• **Data extract**:
_ _ _ _ _

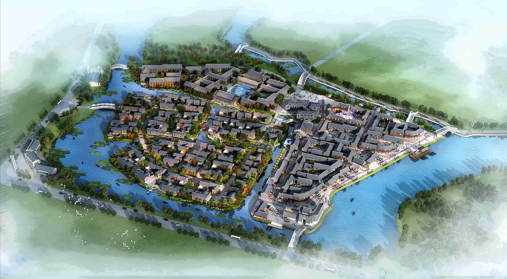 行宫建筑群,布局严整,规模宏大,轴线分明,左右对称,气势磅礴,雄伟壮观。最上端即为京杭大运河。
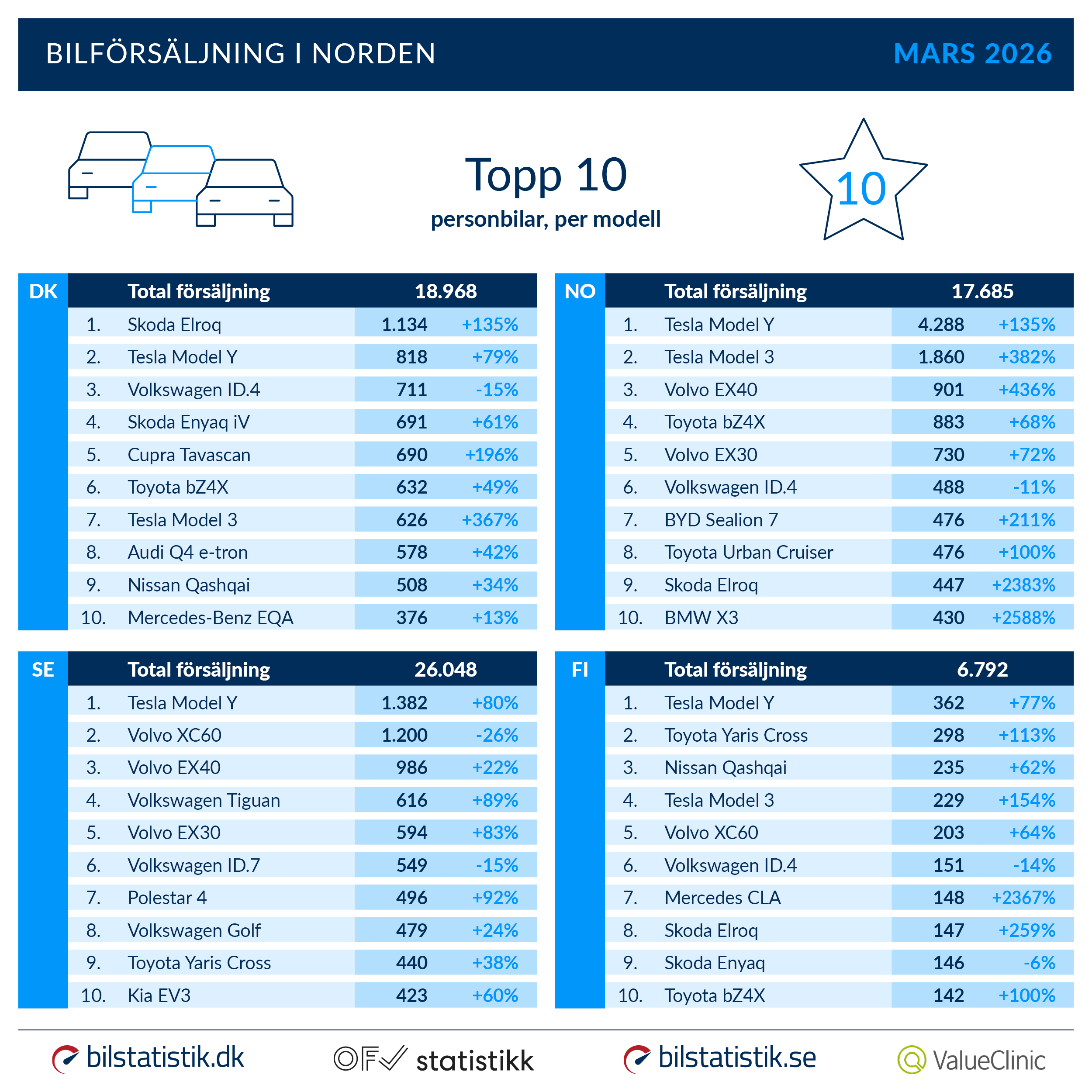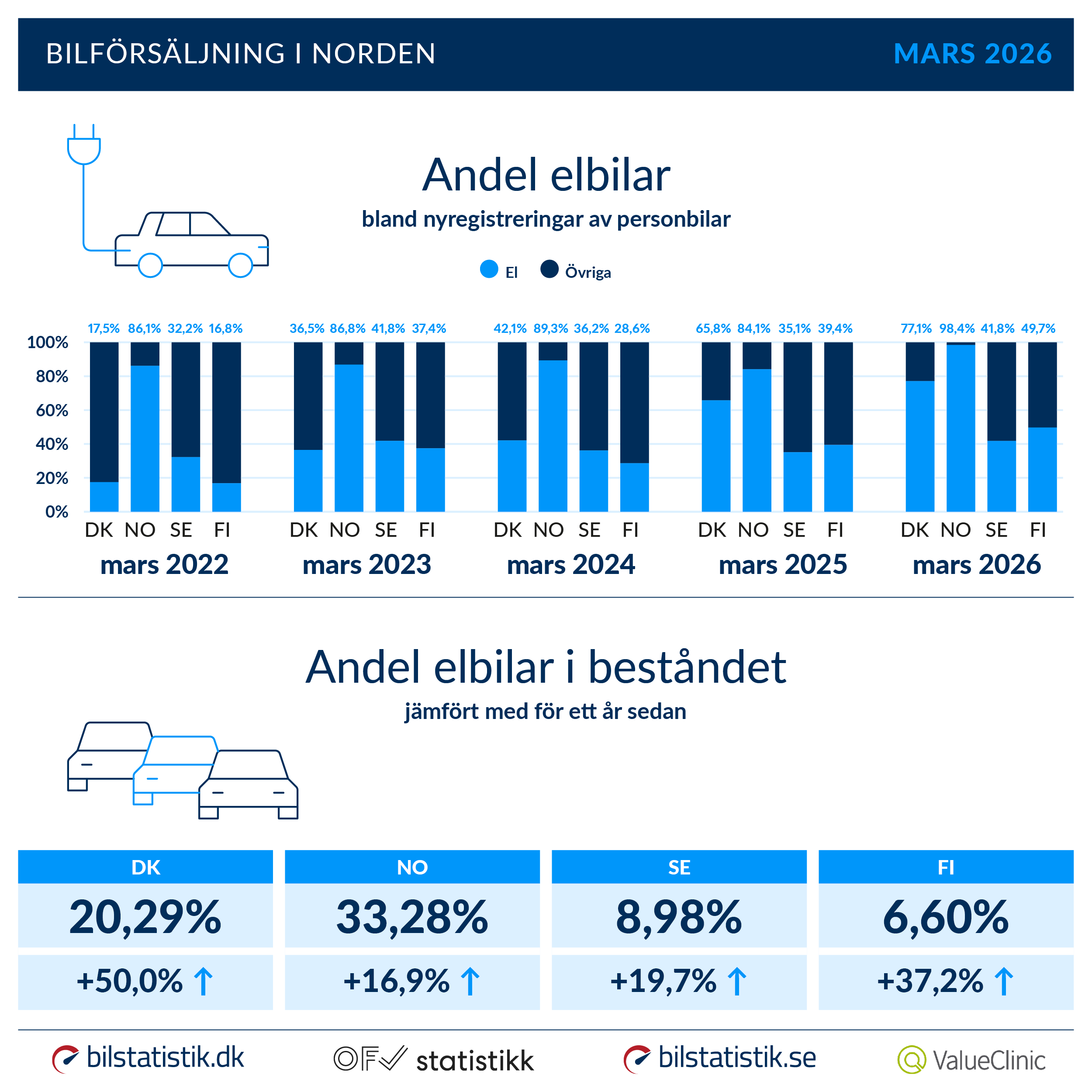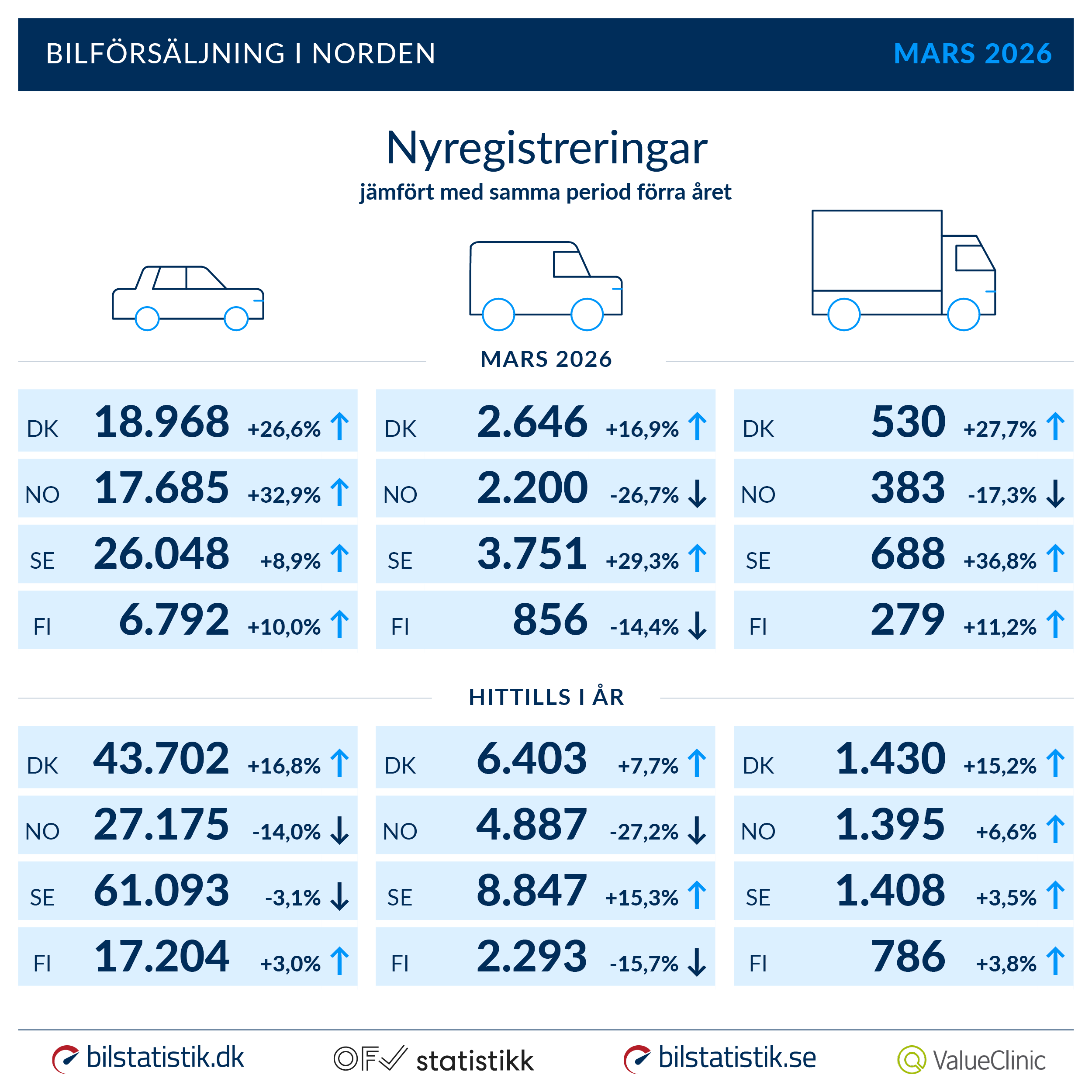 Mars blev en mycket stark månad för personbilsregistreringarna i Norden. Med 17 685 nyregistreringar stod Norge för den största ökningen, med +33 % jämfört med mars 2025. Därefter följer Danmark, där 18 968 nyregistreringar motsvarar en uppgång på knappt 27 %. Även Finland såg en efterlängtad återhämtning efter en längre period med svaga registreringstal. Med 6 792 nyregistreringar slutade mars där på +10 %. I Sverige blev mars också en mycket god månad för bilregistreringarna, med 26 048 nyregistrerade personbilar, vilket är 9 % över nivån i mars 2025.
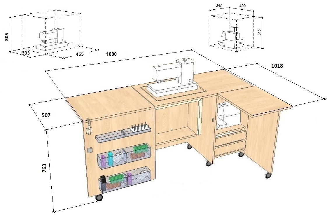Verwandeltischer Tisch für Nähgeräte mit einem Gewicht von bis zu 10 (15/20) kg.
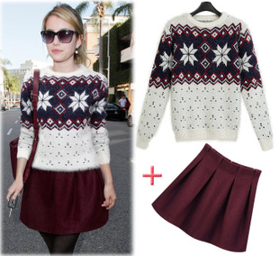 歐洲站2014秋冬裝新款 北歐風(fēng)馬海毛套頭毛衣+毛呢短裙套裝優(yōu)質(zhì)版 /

_ _ _ _ _

• **Requirement**: Transcribe the whole listing exactly. Pictures stay out of your copy.

• **Exercise solution**:
 行宫建筑群,布局严整,规模宏大,轴线分明,左右对称,气势磅礴,雄伟壮观。最上端即为京杭大运河。
 Mars blev en mycket stark månad för personbilsregistreringarna i Norden. Med 17 685 nyregistreringar stod Norge för den största ökningen, med +33 % jämfört med mars 2025. Därefter följer Danmark, där 18 968 nyregistreringar motsvarar en uppgång på knappt 27 %. Även Finland såg en efterlängtad återhämtning efter en längre period med svaga registreringstal. Med 6 792 nyregistreringar slutade mars där på +10 %. I Sverige blev mars också en mycket god månad för bilregistreringarna, med 26 048 nyregistrerade personbilar, vilket är 9 % över nivån i mars 2025.
Verwandeltischer Tisch für Nähgeräte mit einem Gewicht von bis zu 10 (15/20) kg.
 歐洲站2014秋冬裝新款 北歐風(fēng)馬海毛套頭毛衣+毛呢短裙套裝優(yōu)質(zhì)版 /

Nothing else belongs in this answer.